Emergono dettagli inediti sul caso Garlasco, ossia l’omicidio di Chiara Poggi uccisa il 13 agosto del 2007, che nel corso di questi anni ha visto la condanna definitiva a 16 anni di Alberto Stasi ma che continua a far notizia.
Spuntano nuovi testimoni, rimasti in silenzio per quasi 19, ma le loro rivelazioni potrebbero stravolgere le certezze su questo delitto.
Alcune certezze sul delitto sono però vacillate: visto che l’orario della morte nella nuova perizia della dottoressa Cattaneo è stato posticipato alla tarda mattinata. Questo elemento toglierebbe dalla scena del crimine (se tutto fosse accertato) l’unico condannato in via definitiva, Alberto Stasi.
I nuovi elementi emersi
Ora bisogna davvero ricostruire tutto. I nuovi testimoni e le recenti tracce mai considerate diventano elementi fondamentali. I consulenti dei Poggi avrebbero individuato l’impronta di un piede femminile con alluce valgo, taglia 37-38, non appartenente alla vittima. A questo punto è lecito chiedersi se il killer o uno dei killer possa essere una donna.
Le nuove testimonianze
Ma poi ci sono gli avvistamenti di nuovi testimoni, il primo ha parlato di una bici davanti alla casa dei Poggi alle 7.30 del mattino, il giorno del delitto. L’ipotesi è che il killer possa aver effettuato un sopralluogo e a quel punto si potrebbe aggiungere al fascicolo anche l’ipotesi della premeditazione.

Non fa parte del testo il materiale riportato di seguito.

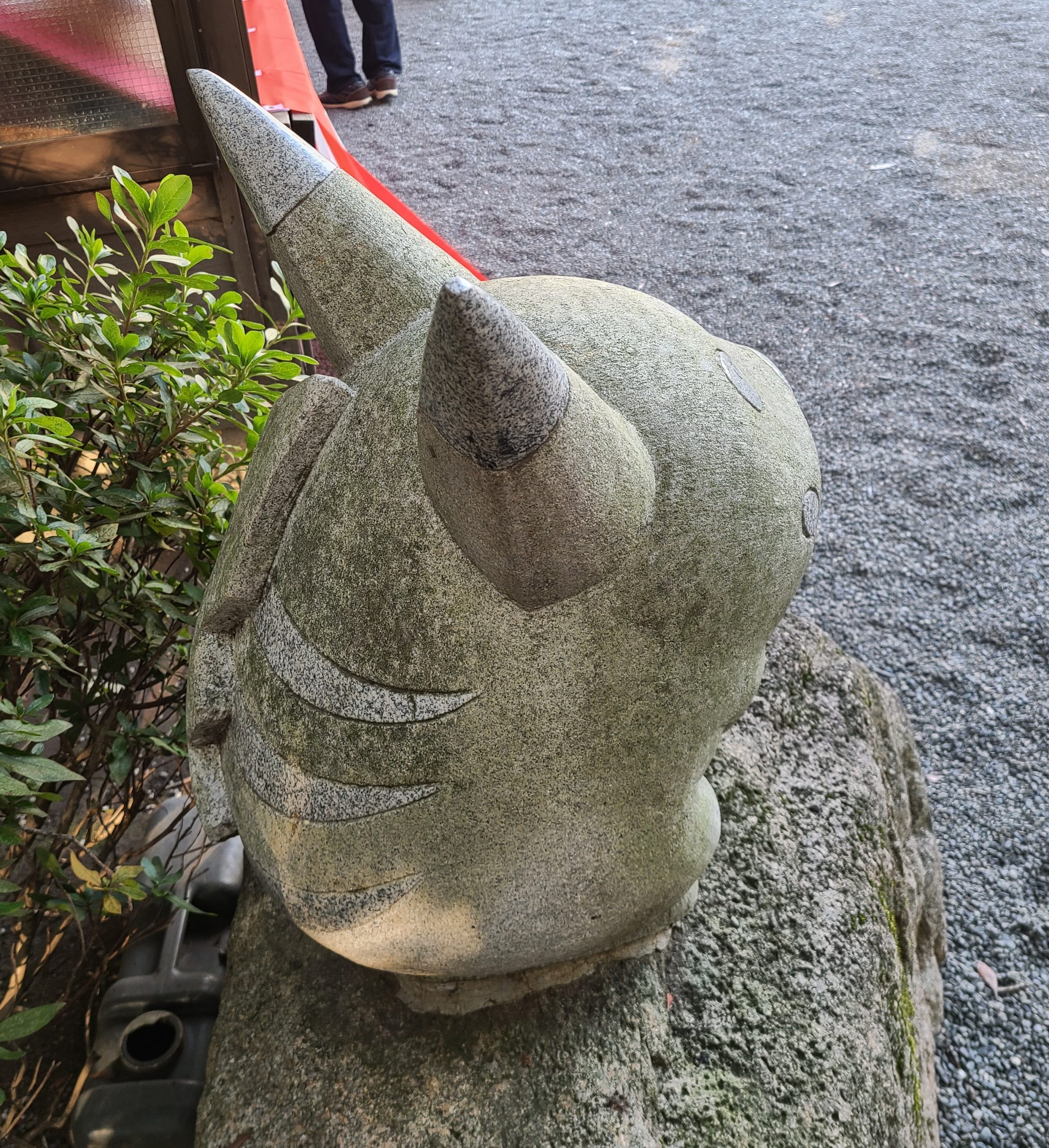 お参りの後に境内を散策していたのですが、見慣れた後ろ姿の石像を発見。

Ma un altro testimone aggiunge anche altro, questa volta in riferimento alla sera prima dell’omicidio.
“Ho sentito una macchina”
“Intorno alle 22 – sostiene il testimone a Mattino 5 – ho sentito una macchina sgommare forte e andare in fondo alla via dove abita Chiara Poggi”. A quel punto, “siamo entrambi usciti sin oltre il cancelletto pedonale sul marciapiede della strada e ho visto in fondo una macchina di colore scuro, il modello a 3 porte”.
E aggiunge: “Ho visto una persona, probabilmente il passeggero, che stava urinando dopo essere salito su di un muretto ubicato al centro della strada. Il viale dove abita Chiara è illuminato e l’auto si era fermata a una distanza di circa 100 metri dal nostro cancelletto pedonale. Presumo che sull’auto ci fossero almeno due persone. Ho visto solo la portiera lato passeggero aperta. Questa macchina, dopo aver girato in fondo alla strada, è andata via a velocità normale”.